**DATASET EXCERPT**
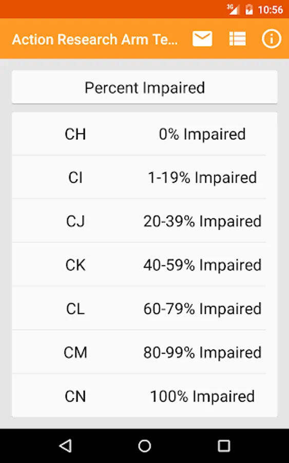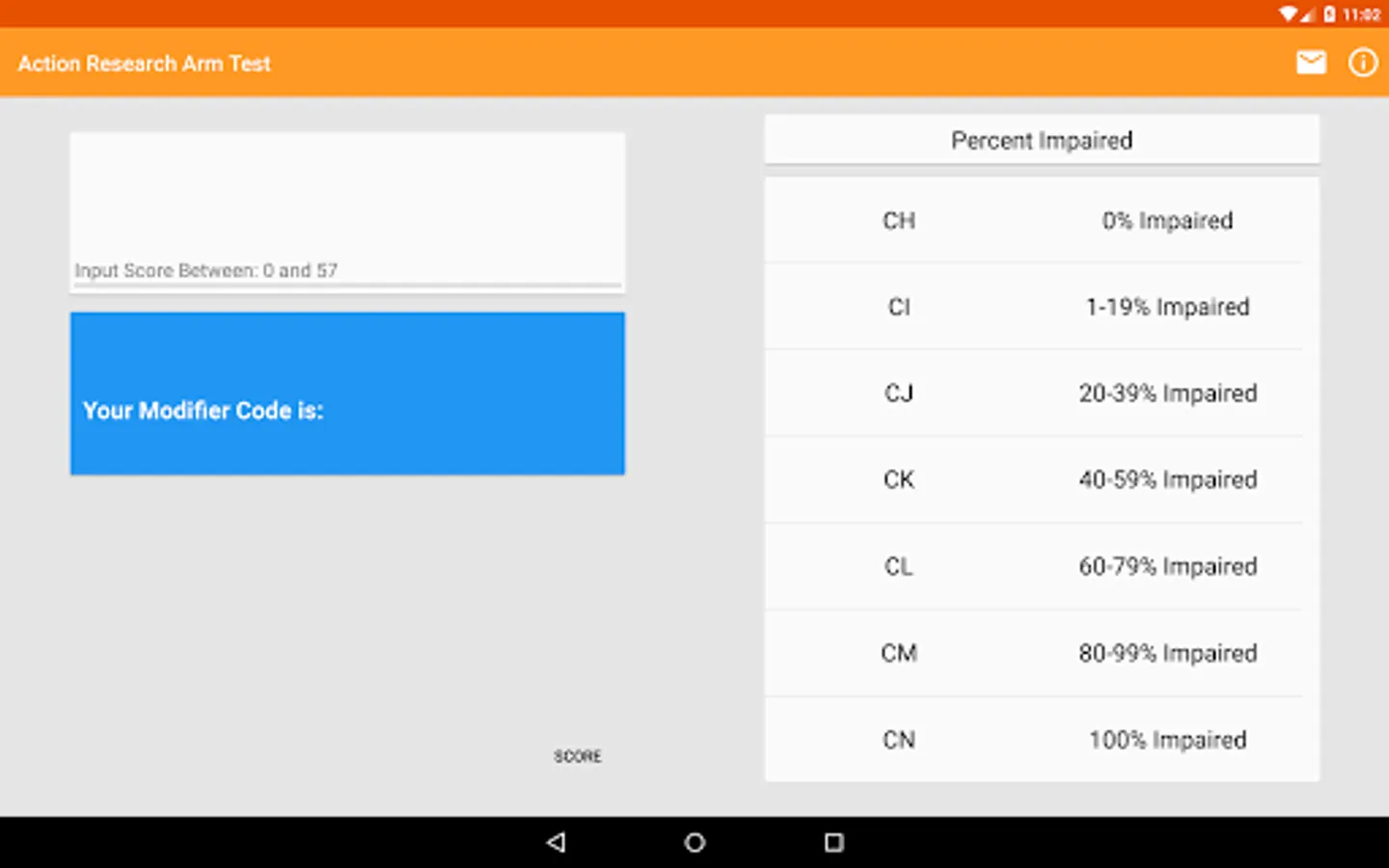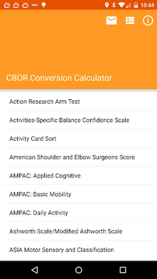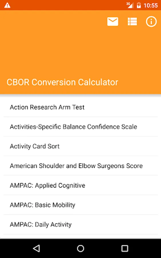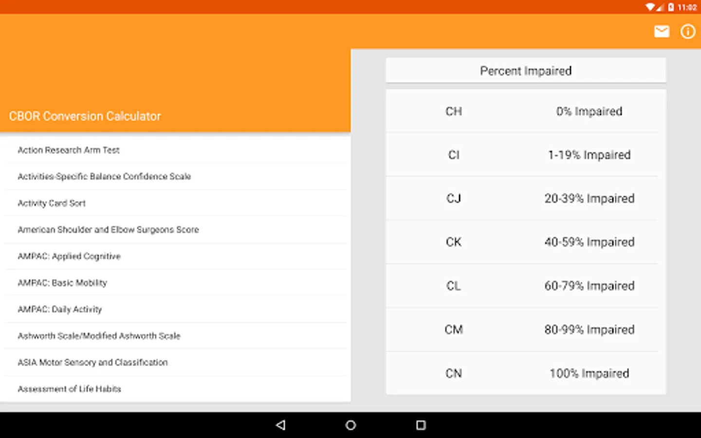 This is a native Android version of the Claims Based Outcomes Reporting Conversion Calculator. This is much like the official app, but ***doesn't*** require a data connection. This is a fast speedy app for all android devices. This is the first version and I wrote it in a day, I will update to add more features soon, but this has all 95 functional assessments from the MediServe Website. If you find any mistakes, please let me know and I'll correct them immediately.
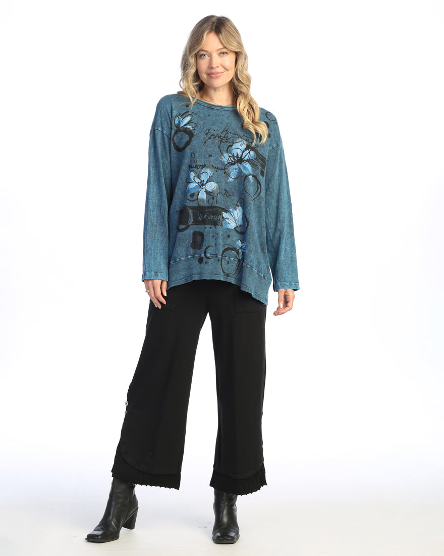 "Poppies" Mineral Washed Tunic Top w/ Slub Rib Contrast- M128-2044
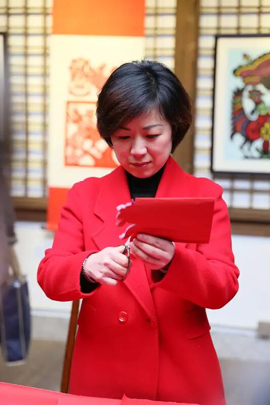福建拓荣剪纸协会秘书长金素清现场展示剪纸技艺
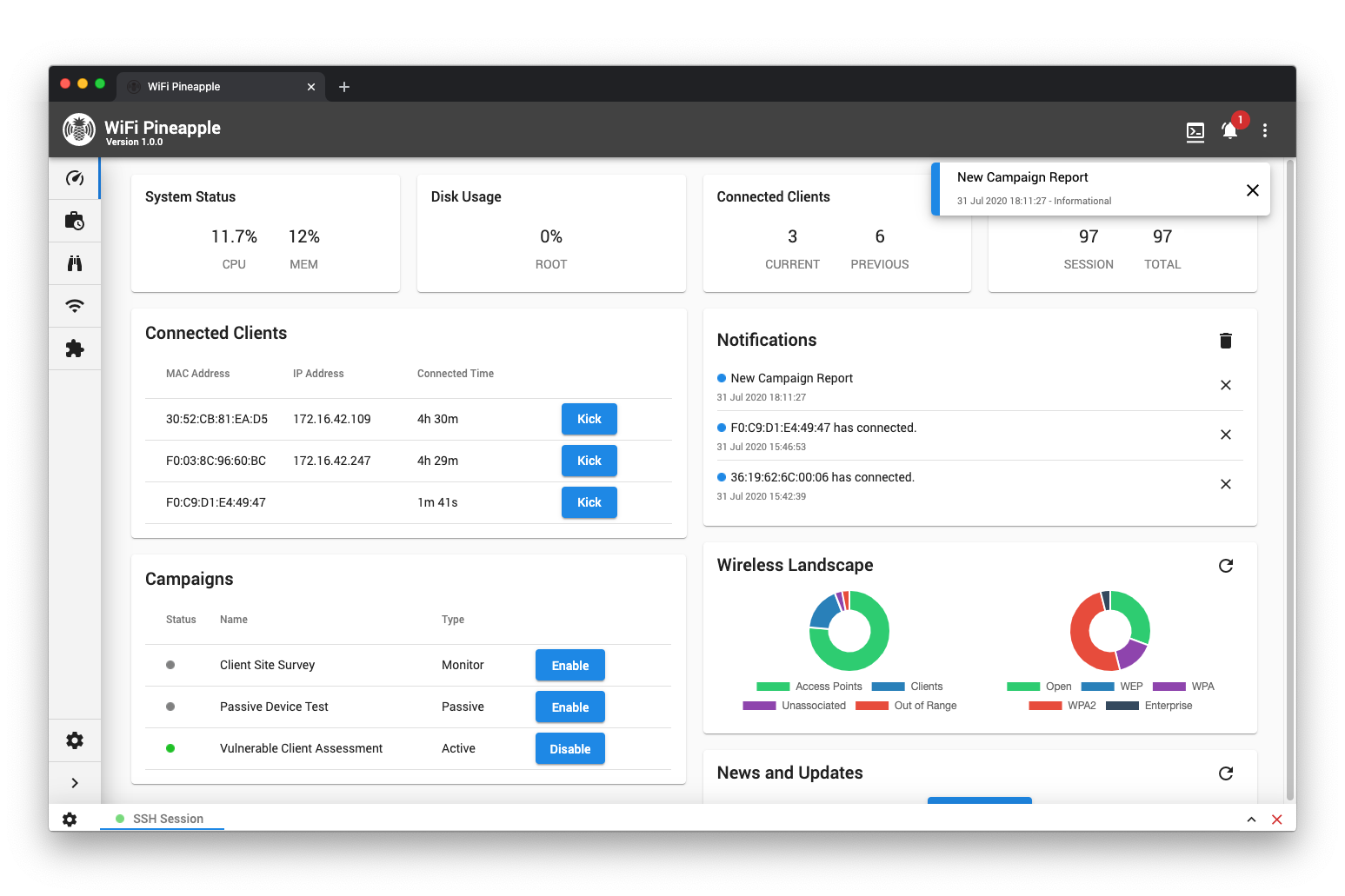 En rafine WiFi Pineapple’ı deneyimleyin. Sezgisel arayüzler sizi WiFi denetiminde yönlendirir. Kampanyalar, çarpıcı raporlarla penetrasyon testlerini otomatikleştirir. Etkileşimli keşif sizi hava sahasının komutasına koyar ve adanmış radyoların tamamlayıcısı kurumsal düzeyde sonuçlar sağlar.

**ASSIGNED TASK**
Repeat each line word for word, from the one with "Rib Contrast- M128-2044" down to the last line of the data, and keep the pictures out of it.

**SOLVED EXERCISE**
 "Poppies" Mineral Washed Tunic Top w/ Slub Rib Contrast- M128-2044
福建拓荣剪纸协会秘书长金素清现场展示剪纸技艺
 En rafine WiFi Pineapple’ı deneyimleyin. Sezgisel arayüzler sizi WiFi denetiminde yönlendirir. Kampanyalar, çarpıcı raporlarla penetrasyon testlerini otomatikleştirir. Etkileşimli keşif sizi hava sahasının komutasına koyar ve adanmış radyoların tamamlayıcısı kurumsal düzeyde sonuçlar sağlar.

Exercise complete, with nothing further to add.